Given data:
◇ ◇ ◇ ◇ ◇

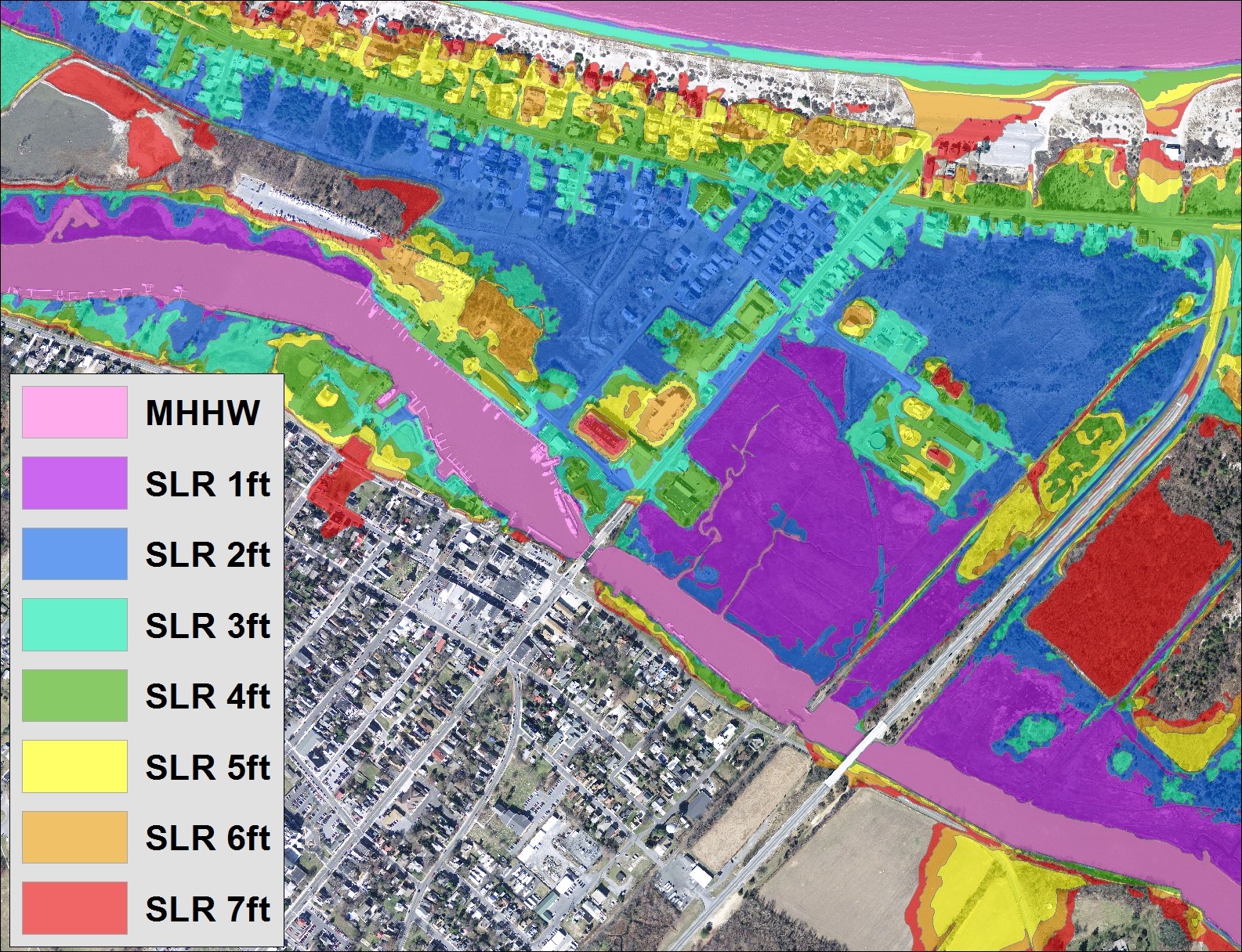 Description: <DIV STYLE="text-align:Left;"><DIV><P><SPAN>This geodatabase contains a series of state-wide SLR coastal inundation maps corresponding to water surfaces from the mean higher-high water (MHHW) level to 7 feet above MHHW, in 1-foot increments. Development of the bathtub-model inundation maps was based on a high-quality, 1-meter bare earth Digital Elevation Model (DEM) derived from the 2014 state-wide LiDAR acquisition. Elevated roadways and bridges not represented in the bare earth DEM were identified, and manually assessed for inundation for each SLR scenario. Additional documentation can be found at http://www.dgs.udel.edu/projects/determination-future-sea-level-rise-planning-scenarios-delaware</SPAN></P></DIV></DIV>
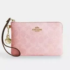 Coach Corner Zip Wristlet In Signature Canvas With Charms CEF72 NWT🌸
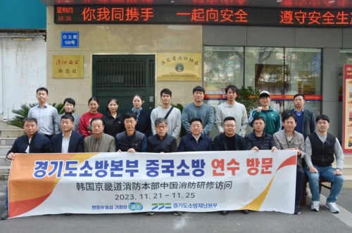 11月23日上午,韓國京畿道消防災難本部一山消防署消防警金玘泰帶領(lǐng)代表團來(lái)江蘇省消防協(xié)會(huì )訪(fǎng)問(wèn)交流,省消防協(xié)會(huì )會(huì )長(cháng)蔣正林會(huì )見(jiàn)了金玘泰一行,并與來(lái)賓進(jìn)行友好交流。儀王消防署消防長(cháng)樸永玟、水原南部消防署消防士尹在蓮、金浦消防署消防警李壯雨、金浦消防署消防衞金長(cháng)賢、東豆川消防署消防警樸尙陳、加平消防署消防警趙表冠、消防學(xué)校消防校李弦烈、特殊對應團消防衞郭永敏、消防災難本部消防警李丙植、翻譯南光哲等陪同來(lái)訪(fǎng),省消防協(xié)會(huì )副秘書(shū)長(cháng)劉維治、朱勁松及協(xié)會(huì )辦事機構全體工作人員及信創(chuàng )國際展覽集團副總裁劉文蕾、項目跨境電商項目運營(yíng)總監張光軍等參加座談交流。

◇ ◇ ◇ ◇ ◇

The line containing "Coach Corner Zip" marks the end: retype every line from the first one in the listing up to and including it, without pictures.

Finished exercise:
 Description: <DIV STYLE="text-align:Left;"><DIV><P><SPAN>This geodatabase contains a series of state-wide SLR coastal inundation maps corresponding to water surfaces from the mean higher-high water (MHHW) level to 7 feet above MHHW, in 1-foot increments. Development of the bathtub-model inundation maps was based on a high-quality, 1-meter bare earth Digital Elevation Model (DEM) derived from the 2014 state-wide LiDAR acquisition. Elevated roadways and bridges not represented in the bare earth DEM were identified, and manually assessed for inundation for each SLR scenario. Additional documentation can be found at http://www.dgs.udel.edu/projects/determination-future-sea-level-rise-planning-scenarios-delaware</SPAN></P></DIV></DIV>
 Coach Corner Zip Wristlet In Signature Canvas With Charms CEF72 NWT🌸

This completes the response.